A book that once would have belonged only to the rich
- nay, to a king - can now be seen under a modest roof
... There is nothing nowadays that our children ...
fail to know.
Elizabeth
Eisenstein's magisterial two volume The Printing Press
As An Agent Of Change: Communications & Cultural Transformation
in Early-Modern Europe (Cambridge: Cambridge Uni Press
1979) and The Coming of the Book: The Impact of Printing
1450-1800 (London: NLB 1976) by Lucien Febvre &
Henri-Jean Martin are essential reading.
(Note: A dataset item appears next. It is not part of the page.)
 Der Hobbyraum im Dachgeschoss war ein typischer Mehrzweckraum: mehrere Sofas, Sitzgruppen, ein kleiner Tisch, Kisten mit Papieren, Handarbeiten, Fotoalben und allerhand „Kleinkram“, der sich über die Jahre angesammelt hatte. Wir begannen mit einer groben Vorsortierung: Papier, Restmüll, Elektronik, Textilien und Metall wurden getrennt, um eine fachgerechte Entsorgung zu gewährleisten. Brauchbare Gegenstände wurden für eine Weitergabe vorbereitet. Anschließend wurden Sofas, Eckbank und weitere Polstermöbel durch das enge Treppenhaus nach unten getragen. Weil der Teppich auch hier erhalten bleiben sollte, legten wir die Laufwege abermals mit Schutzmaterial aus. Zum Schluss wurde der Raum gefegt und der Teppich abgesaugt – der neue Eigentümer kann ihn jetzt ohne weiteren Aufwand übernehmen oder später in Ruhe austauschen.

They offer insights
into technologies, markets and consequences.
In comparison Marshall McLuhan's
The Gutenberg Galaxy: The Making of Typographic
Man (Toronto: Uni of Toronto Press 1962) is of significantly
lower value for understanding new media or the wider implications
of what one pundit characterised as "dried tree flakes
encased in dead cow".
the symbolic economy
Rise of the Knowledge Worker (Boston: Butterworth-Heinemann
1998) edited by James Cortada, along with The Knowledge
Economy and The Economic Impact of Knowledge
- both edited by Dale Neef - provide an excellent introduction
to the 'economy of symbolic analysts' - people who, like
you, who work with facts & figures. Alistair
Black's article The Victorian Information Society in
volume 17(1) of The Information Society examines
formation of 'information society' institutions and professions
in late 19th century Britain, also considered in Theories
of the New Media: A Historical Perspective (London:
Athlone Press 2000) edited by John Thornton Caldwell.
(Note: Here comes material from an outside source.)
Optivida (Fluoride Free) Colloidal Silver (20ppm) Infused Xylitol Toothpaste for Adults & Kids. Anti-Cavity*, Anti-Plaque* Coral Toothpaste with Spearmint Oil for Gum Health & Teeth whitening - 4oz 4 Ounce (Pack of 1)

Tendencies & Tensions of the Information Age: The
Production & Distribution of Information in the United
States (New Brunswick: Transaction 1997) by Jorge
Schement & Terry Curtis is more restricted in scope
but provides a valuable introduction to the information-based
economy, extending Machlup's
pathbreaking Knowledge, Its Creation, Distribution
& Economic Significance (Princeton: Princeton
Uni Press 1984).
Two sites of particular significance are those for the
New Paradigms & Parallels: The Printing Press &
the Internet project
under the auspices of RAND, better known as a defence
think tank, and the November 2000 issue
of Communications Law in Transition.
taxonomies and catalogues
[under development] Of the estimated 8 to 20 million incunabula
believed to have been printed in the 45 years beginning
in 1455, approximately 400,000 known volumes survive in
complete or nearly complete form.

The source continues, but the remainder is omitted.